DPE valable 10 ans : les vérifications à organiser en 2026

  • Retrouver le DPE du logement et sa date : la durée de validité fournie est de 10 ans. La classe énergétique et la date du document répondent à deux questions différentes ; disposer d’un classement ne dispense pas de vérifier la validité du diagnostic utilisé.
  • Clarifier le projet locatif : pour un logement G, tenir compte de l’interdiction applicable à tout nouveau bail depuis le 1er janvier 2025. Pour un logement F ou E, intégrer respectivement les repères du 1er janvier 2028 et du 1er janvier 2034 à la réflexion.
  • Examiner séparément la question du loyer : si le logement est classé F ou G, ne pas prévoir d’augmentation. La perspective d’une échéance locative future ne doit pas masquer cette règle déjà applicable aux deux classes.
  • Préparer le volet énergétique d’une vente : si le bien est une maison individuelle ou un immeuble en monopropriété classé F ou G, intégrer l’exigence d’un audit réglementaire avant la vente. Les seules statistiques locales ne permettent pas de décider si un bien particulier entre dans ce cadre.

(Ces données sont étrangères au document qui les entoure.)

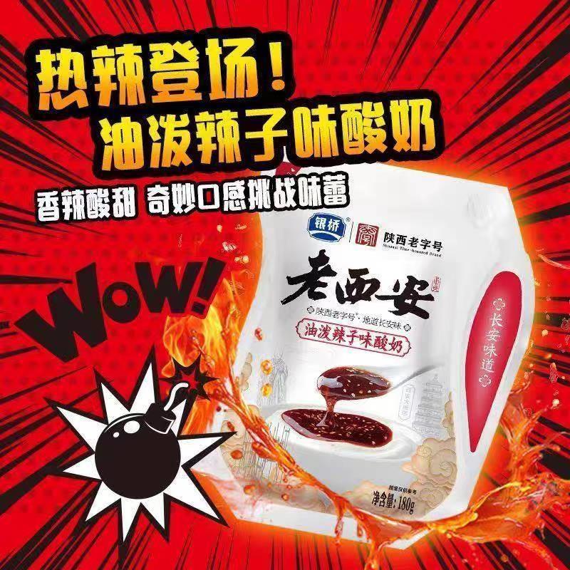 新货银桥老西安油泼辣子味特色酸奶地道长安味180g/袋装

La validité de 10 ans du DPE ne signifie pas que les règles de location restent inchangées pendant toute cette période. Un document peut servir à connaître le classement du logement, tandis que le calendrier impose de nouvelles contraintes à cette classe. En 2026, l’anticipation repose donc sur une lecture conjointe du diagnostic, de sa date et de l’usage envisagé du bien. Les médianes locales de 913 € par an et de 199 kWh/m²/an ne remplacent pas cette lecture individuelle. De même, la part de 30,1 % de diagnostics portant sur du bâti d’avant 1948 ne suffit pas à définir les besoins d’un logement. Les informations fournies ne permettent de prescrire ni des travaux précis ni un résultat énergétique après intervention.

Questions fréquentes

Les 855 logements G de Limoges sont-ils tous des locations interdites ?

Non, les données indiquent que 855 logements diagnostiqués sont classés G, sans préciser leur occupation ni leur mise en location. La règle fournie interdit la location de cette classe pour tout nouveau bail depuis le 1er janvier 2025. On ne peut donc pas assimiler l’effectif ADEME à un nombre de baux concernés.

Un propriétaire d’un logement F peut-il augmenter son loyer avant 2028 ?

Non. Le loyer d’un logement F ou G ne peut plus être augmenté. Pour la classe F, cette règle doit être distinguée de l’interdiction de location prévue au 1er janvier 2028. À Limoges, 2 307 logements diagnostiqués sont classés F, mais le nombre de ceux qui sont loués n’est pas fourni.

Un DPE encore valable dispense-t-il de l’audit avant une vente ?

La durée de validité de 10 ans du DPE ne supprime pas l’exigence distincte d’audit décrite dans les faits fournis. Avant la vente d’une maison individuelle ou d’un immeuble en monopropriété classé F ou G, l’audit énergétique réglementaire est exigé. Il faut donc vérifier à la fois le diagnostic disponible et la situation du bien vendu.